Within that overall pattern, $16,287 for this Goldin sale sits in a range that:
- Reflects Ohtani’s established high-end auto market.
- Assigns clear added value for pairing him with Yamamoto and Sasaki.
- Factors in some uncertainty: the buyer still needs to redeem and eventually, if they choose, grade the card.
Because this is a very specific triple auto configuration from a very recent set, there is not yet a long track record of identical prior sales to call any single auction result a “record” in a meaningful way. Instead, this sale is best seen as an early benchmark for:
- High-end Ohtani/Yamamoto/Sasaki triple autos
- 2025 Topps Chrome Update’s top chase cards
Unused redemption vs. in-hand, graded card
Collectors sometimes ask how an unused redemption compares to a graded, in-hand card.
A few practical points:
Fulfillment timeline and risk
The buyer will need to submit the redemption to Topps and wait for fulfillment. Turnaround times can vary. Until the card is in hand, condition and even exact signature placement remain unknown.Condition and grading
Once fulfilled, a mint or gem-mint grade (from companies like PSA, BGS, or SGC) can materially affect market value. At this stage, however, the Goldin sale reflects the redemption itself, plus the perceived odds that the eventual card will be high grade.Collector preference
Some collectors prefer in-hand, slabbed copies (less uncertainty). Others are comfortable buying a redemption if they believe the underlying card is important enough to justify the wait.
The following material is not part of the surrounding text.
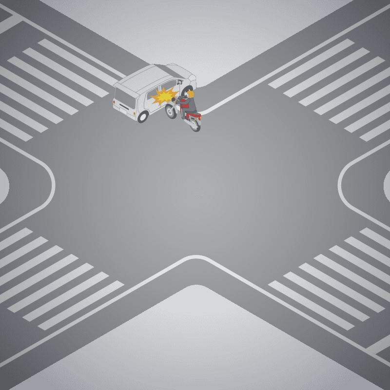・イラストに使用している各要素(車、背景、車、天候、信号、衝突地点など)は、代表的なイメージをイラスト化しており、色や形状等含め現実の事故の状況とは異なります。あくまで、事故のイメージとして参考までにご活用ください。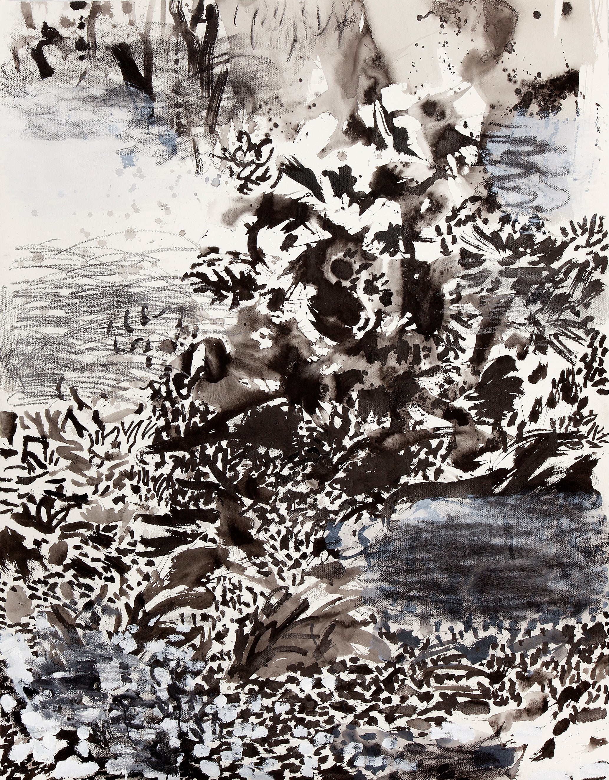 Quitar el color a la obra de este artista es dar una nueva transcendencia a otras capacidades y características de su trabajo que generalmente vienen a la mirada después del impacto del color. Así de repente nos metemos de lleno en un mundo de talento y saber en la utilización de las herramientas, en la amplia aptitud de grafismos, trazos y texturas, resultando una enorme riqueza en los usos de la materia con la que se expresa. Al final el signo se convierte en escritura que se despliega como un poema escrito.

In that context, the $16,287 sale is a price signal for the concept and scarcity of this triple autograph as much as for any specific physical card condition.
Why this matters for the broader market
This Goldin result offers a few insights for collectors watching modern baseball cards:
International stars drive multi-player demand
Combining Ohtani with Yamamoto and Sasaki shows how much weight international storylines carry. It’s not just about U.S. MLB stars anymore; cross-league narratives are central to the modern hobby.Ultra-modern chromium still rewards true scarcity
Even in an era of large print runs, clearly defined low-serial parallels like black refractors /10 continue to separate themselves from the pack.Triple autos can be more than a novelty
Historically, some multi-signed cards have been treated as curiosities. When the player selection is this focused and relevant, they become core grails for specific collector segments.Redemptions remain part of the high-end ecosystem
This sale underscores that serious buyers will still chase redemptions when the underlying card is compelling enough, even with added wait and uncertainty.
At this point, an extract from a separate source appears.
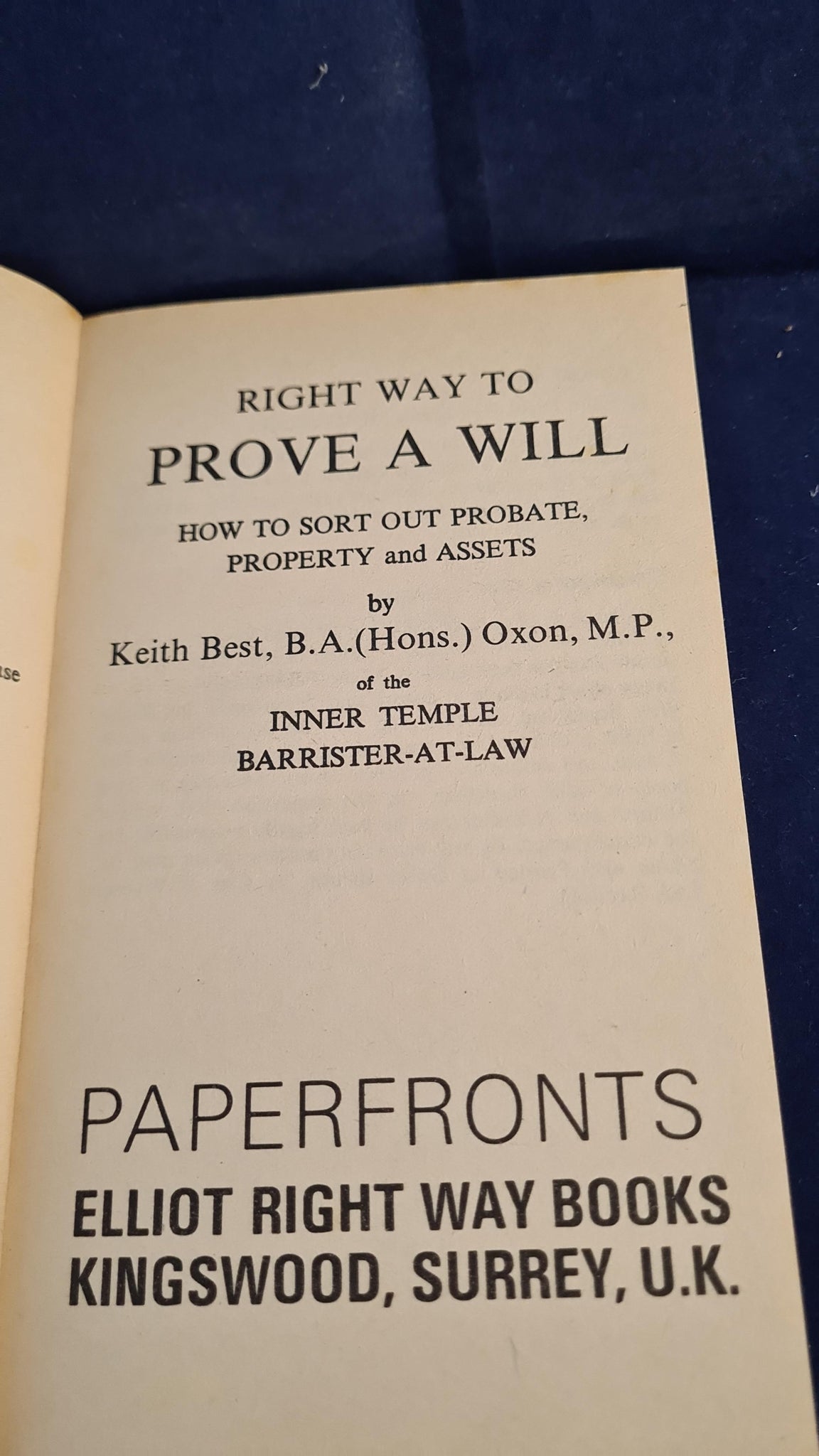 Keith Best - The Right Way To Prove a Will, Paperfronts, 1981, Paperbacks

Takeaways for collectors and small sellers
For collectors:
- If you collect Ohtani or high-end Japanese MLB/NPB stars, this card is a reference point for how the market values premium, low-serial multi-autos.
- For Yamamoto and Sasaki collectors, it highlights how their early and limited pairings with Ohtani may sit near the top of their card hierarchies.
For small sellers:
- This type of sale shows the ceiling for well-marketed, truly scarce, multi-signed cards in flagship chromium products.
- When evaluating your own inventory, it’s useful to separate:
- Mass-produced base and common refractors, from
- Low-serial, high-concept cards (triple autos, key color parallels, and international combinations).
As more copies of the 2025 Topps Chrome Update Triple Autographs Black Refractor #TA-OYS surface—both redeemed and graded—the market will gain additional data points. For now, the March 27, 2026 Goldin sale at $16,287 stands as an early marker for how collectors value this particular blend of star power, scarcity, and international appeal.
If you’re tracking modern high-end baseball, this is one of those sales worth bookmarking and revisiting as Yamamoto and Sasaki’s careers continue to unfold.